Melatonin is a hormone that encourages sleep in our body. It is a rather useful supplement that has proven affects. In one study, it was found that 2 mgs of melatonin before bed leads to a better quality of sleep during the night and a feeling of being well rested and more energized in the morning. Melatonin can also help you fall asleep faster.
In most places’ melatonin is an over the counter drug, that can be acquired at nearly any store/supermarket.
Perfect Your Sleep Environment
Another way to improve your quality of sleep is to make sure that you are sleeping in optimal conditions. This means that you are sleeping in a cooler environment that is both soothing and relaxing. It also means that you have quality sheets and blankets, and a set of good pillows, all adorning a comfortable mattress.
By setting your room to a cooler temperature when you sleep, you are allowing your body to utilize less energy while sleeping. Our body’s temperature naturally drops during bedtime so by facilitating that process, you encourage your body to fall asleep sooner and more deeply.
Having a good set of sheets, blankets, and pillows should be a no brainer when it comes to getting high quality sleep. Being equipped with these things are vital to ensuring your comfort. The goal is to combat anything that would detract from your overall sleep experience and having materials on your bed that may make you uncomfortable will impede you from getting a good night’s rest.
The same goes for your mattress. You want to make sure that you have a mattress that is complementary to your body. Make sure that you have something supportive that does not irritate the normal pressure points on a human’s body. You also want to be attentive to the positioning of your spine while you sleep as to detract from additional discomforts. If your mattress is not the best, there are several memory foam and mattress cover products you can purchase and put over your bed to increase its comfort level.

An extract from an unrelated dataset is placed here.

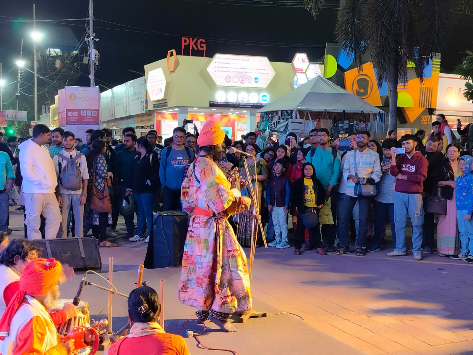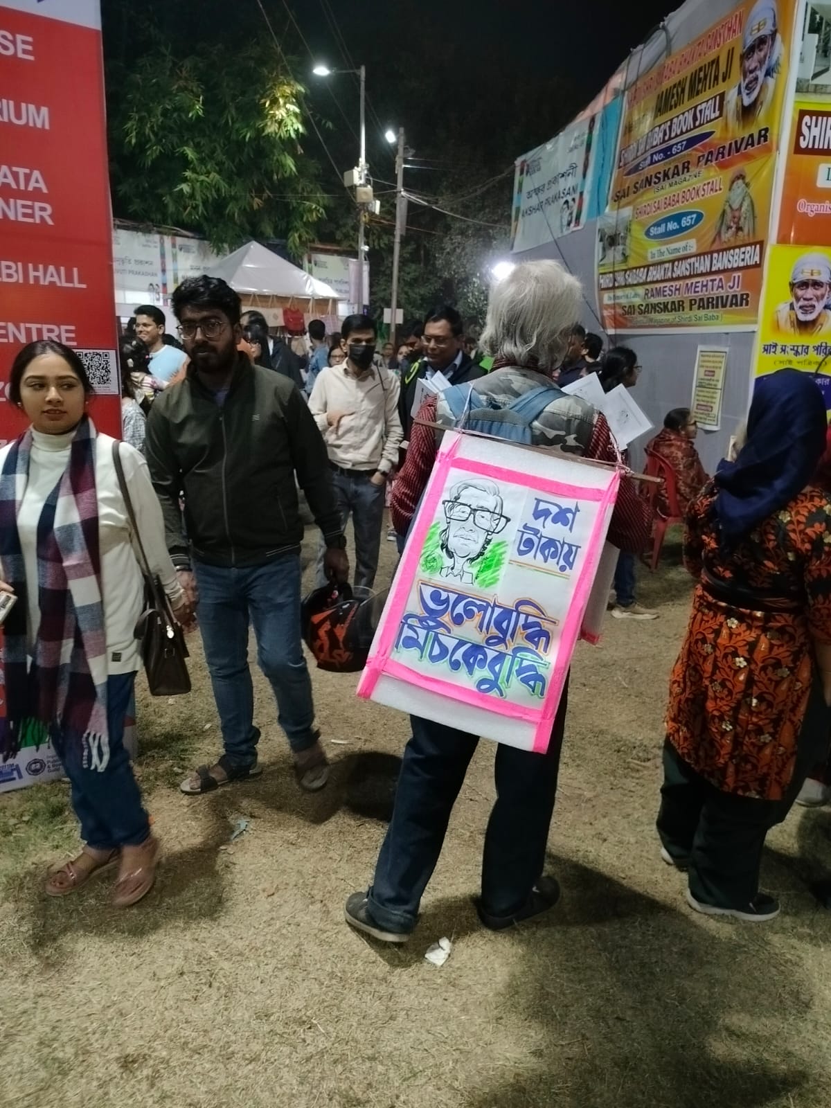 দে’জ পাবলিশিং-এর স্টলে নামলিপি নিয়ে ইতিমধ্যেই কড়চায় লেখা হয়েছে, তাই ও পথে না হেঁটে পাশের এক গলিতে ঢুকতেই ভারতী বুক স্টল-এর দেওয়াল লিখন আর ‘ছাত্রসংগ্রাম’-এর স্লোগানে চোখ আটকাল– ‘বসন্ত কান পেতে ক্লাসরুমে গান শোনে/ শেকড়ে নোঙর গেঁথে বদলের দিন গোনে’। বাস্তবিকই একাধিক গান কানে ভেসে এল গিল্ড অফিসের এধার ওধার থেকে। পশ্চিমবঙ্গ মণ্ডপের বাউল গান মিশে গেল এসবিআই অডিটোরিয়ামে চলা অনুপম রায়ের লাইভ পারফরম্যান্সের সঙ্গে। কোলকাতা লিটারেচার ফেস্টিভ্যালের শেষদিন উপলক্ষে এই আনন্দ আয়োজন।

As a general rule of thumb, make sure your pillows are not overused meaning flat and lacking buoyancy. And on average, you should be changing your sheets every two weeks to ensure freshness, and that wonderful crisp feeling you get when laying in a clean and inviting bed.
Take Your Clothes Off
Lastly, to ensure a better quality of sleep, I encourage you to take your clothes off. At first glance this one is obviously a little racy however, there is science and logic behind this tip as well. Sleeping in a cool environment not only helps you sleep better, but it also has a multitude of other health benefits that include: anti-aging, increased melatonin levels, weight loss, enhanced mood, and reduced stress.

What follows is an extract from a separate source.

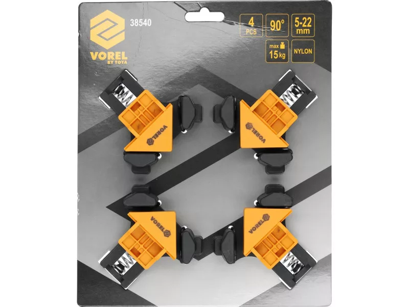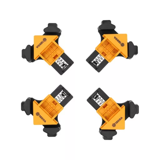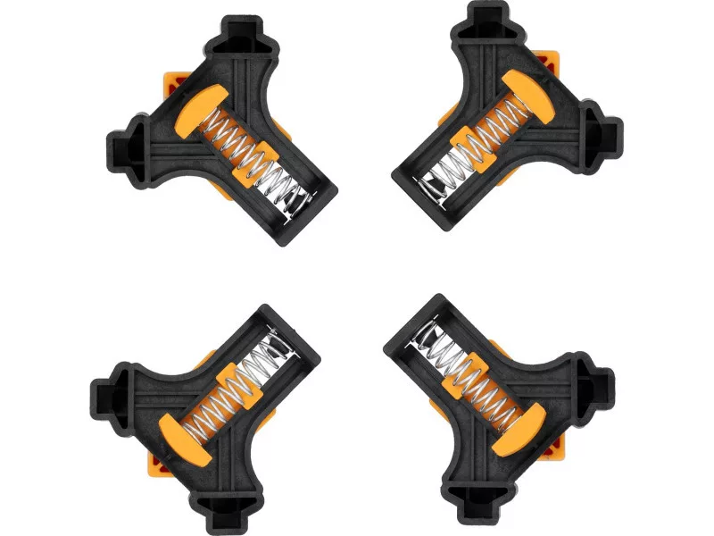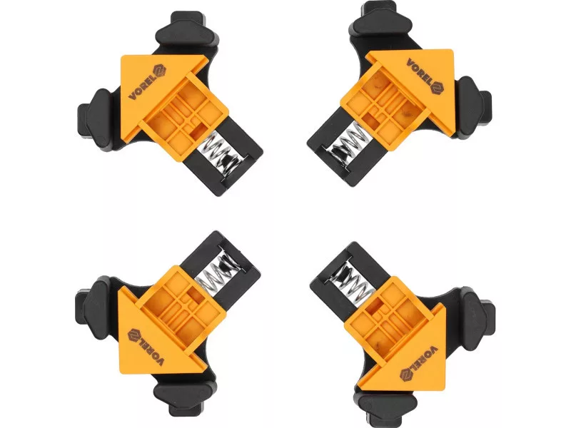 Súprava pružinových uhlových svoriek je praktické vybavenie stolárskej a montážnej dielne, určené na rýchle spájanie prvkov pod uhlom 90°. Konštrukcia so stlačovacou pružinou umožňuje efektívne stabilizovanie detailov počas lepenia, skrutkovania alebo predbežnej montáže, bez nutnosti používania zložitých svorníkových systémov. Vynikajú pri práci s drevom, drevotrieskovými materiálmi a ľahkými plastmi, napríklad na presné nastavenie rohov pri skladaní rámov, debničiek, nábytku a iných konštrukcií, ktoré vyžadujú dodržanie pravého uhla.

Sleeping while naked will improve your body temperature regulation allowing your body to cool down during bedtime. Having a lower body temperature during sleep will help you fall asleep quicker and easier.
Good quality sleep is all about being comfortable. By doing what is outlined in this post you will be intentionally helping yourself get a good night’s rest. A good night of deep sleep is invaluable. Having such sleep continually improves your immune system, prevents weight gain, improves memory, and increases productivity and overall mood.
Health is wealth, so ensure your wealth and your legacy by making sure that you are getting a good night’s sleep regularly. Good sleep is not a luxury, it is for you too, and I hope you start taking advantage of it every night.